Genesis 8
Genesis 8:1-22 (NLT)
1 But God remembered Noah and all the wild animals and livestock with him in the boat. He sent a wind to blow across the earth, and the floodwaters began to recede.
2 The underground waters stopped flowing, and the torrential rains from the sky were stopped.
3 So the floodwaters gradually receded from the earth. After 150 days,
4 exactly five months from the time the flood began, the boat came to rest on the mountains of Ararat.
5 Two and a half months later, as the waters continued to go down, other mountain peaks became visible.
6 After another forty days, Noah opened the window he had made in the boat
7 and released a raven. The bird flew back and forth until the floodwaters on the earth had dried up.
8 He also released a dove to see if the water had receded and it could find dry ground.
9 But the dove could find no place to land because the water still covered the ground. So it returned to the boat, and Noah held out his hand and drew the dove back inside.
10 After waiting another seven days, Noah released the dove again.
11 This time the dove returned to him in the evening with a fresh olive leaf in its beak. Then Noah knew that the floodwaters were almost gone.
12 He waited another seven days and then released the dove again. This time it did not come back.
13 Noah was now 601 years old. On the first day of the new year, ten and a half months after the flood began, the floodwaters had almost dried up from the earth. Noah lifted back the covering of the boat and saw that the surface of the ground was drying.

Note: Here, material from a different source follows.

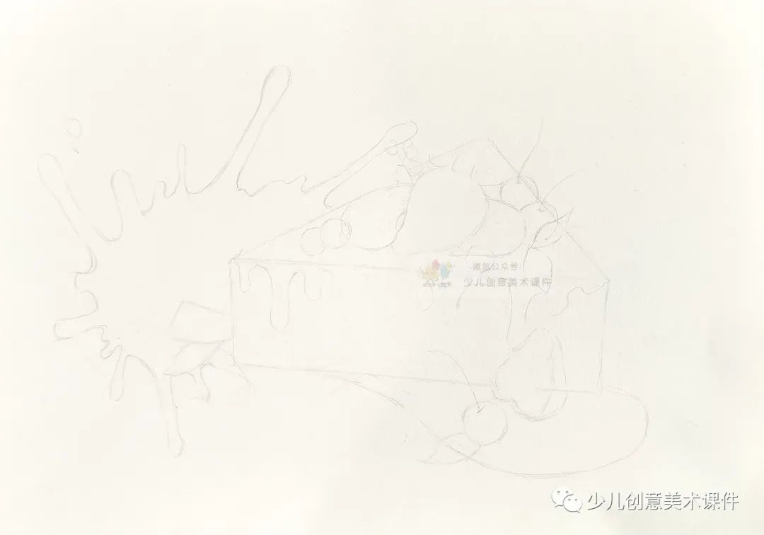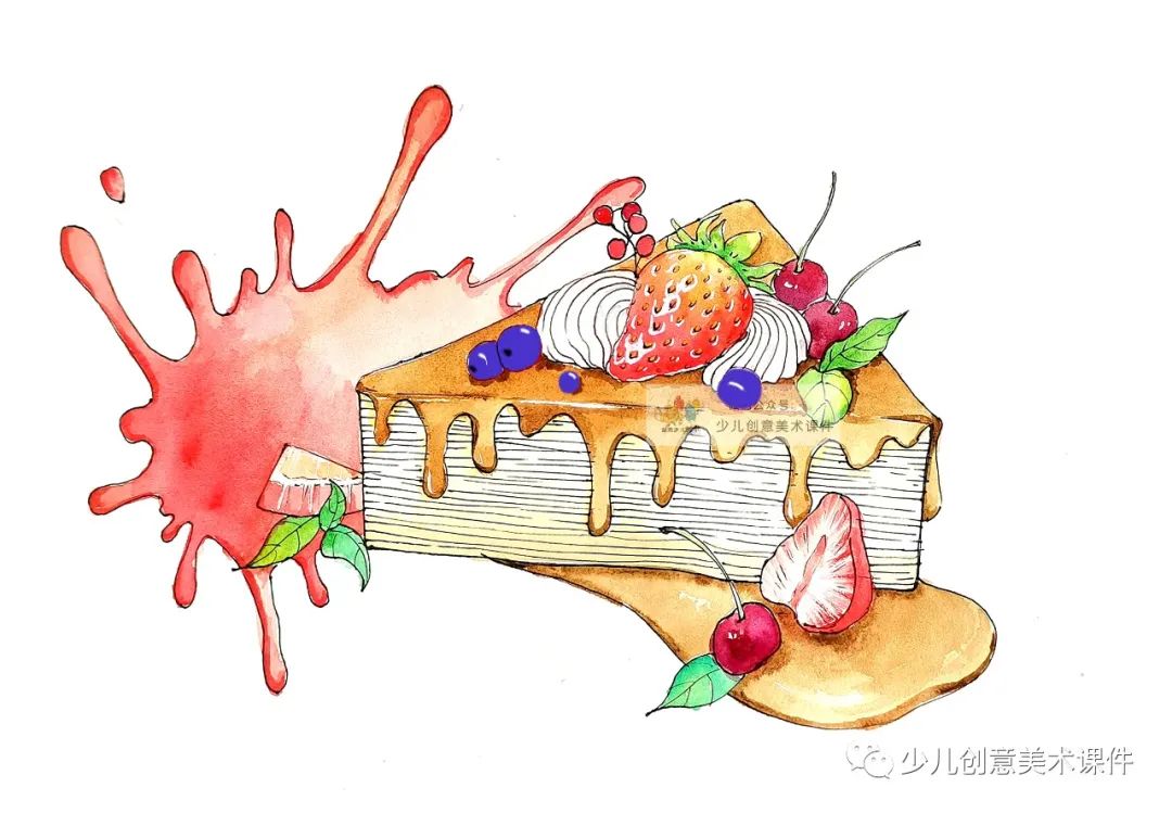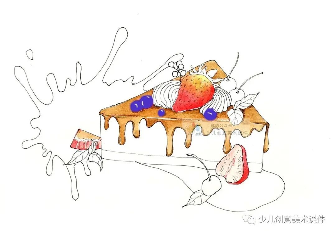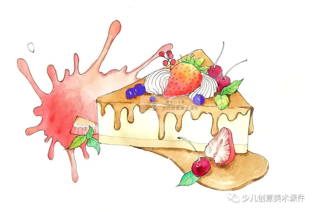 4.根据自己的喜好,确定蛋糕的固有色,用水彩颜料对其进行着色处理,颜色的变化可使得画面色彩丰富同时增强物象的体积感:
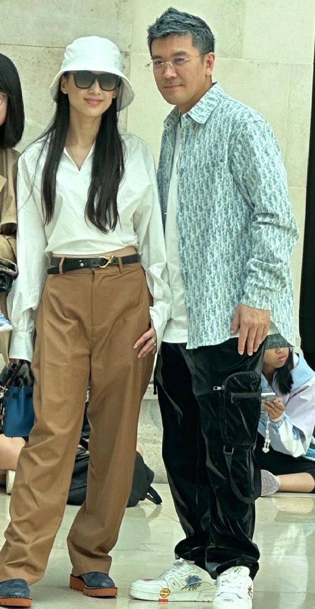 黄圣依和杨子合影,夫妻俩真是男才女貌,十分般配。

14 Two more months went by, and at last the earth was dry!
15 Then God said to Noah,
16 “Leave the boat, all of you—you and your wife, and your sons and their wives.
17 Release all the animals—the birds, the livestock, and the small animals that scurry along the ground—so they can be fruitful and multiply throughout the earth.”
18 So Noah, his wife, and his sons and their wives left the boat.
19 And all of the large and small animals and birds came out of the boat, pair by pair.
20 Then Noah built an altar to the LORD, and there he sacrificed as burnt offerings the animals and birds that had been approved for that purpose.
21 And the LORD was pleased with the aroma of the sacrifice and said to himself, “I will never again curse the ground because of the human race, even though everything they think or imagine is bent toward evil from childhood. I will never again destroy all living things.
22 As long as the earth remains, there will be planting and harvest, cold and heat, summer and winter, day and night.”
To be locked up inside a big container with a bunch of stinky animals and people for over a year would seem to be a bit of an ordeal in itself. Just the lack of sunshine and fresh air must have been unbearable. This, though, was deliverance. This was God’s provision. What surely could have been seen as torture was the hand of God rescuing His creation from extinction. While there was surely a sense of gratitude and relief that they weren’t included in the judgment rendered on all the rest, there was also an opportunity to be despising and resentful of how it was experienced. The patience it took to remain inside for months after the rain stopped was yet in obedience to the directives of God. This was also His continued protection of them against the peril that awaited their premature departure. They were still alive and breathing at the end of it all, but how they must have wished for some adjustments to the plan that would have relieved the imposition of the flesh through this long endurance.
God has a place of deliverance where we’ll be kept from the peril’s of this world and its devastation. It will definitely not be on the scale that Noah and his family had to endure, but there is the possibility our secret place of safety begins to look and feel like an unbearable endurance test. Even when the storm has passed and it would seem that salvation should be looking like something else, it may be that patience needs to work a bit more for the final escape to be perfected in faith. No matter what appearance the circumstance may take on, it is critical to maintain a heart of humility and sacrifice before God, knowing that the alternatives to His provision are so much worse than any endurance. Rather than allowing resentment or regret to disable and weaken, there is strength and hope to be drawn from a place of nearness at His side, something that can never be kept from us. After what may seem to be beyond reason is just waiting for the next season, something that is inevitable. This hope will sustain through the greatest of floods as it did for Noah’s.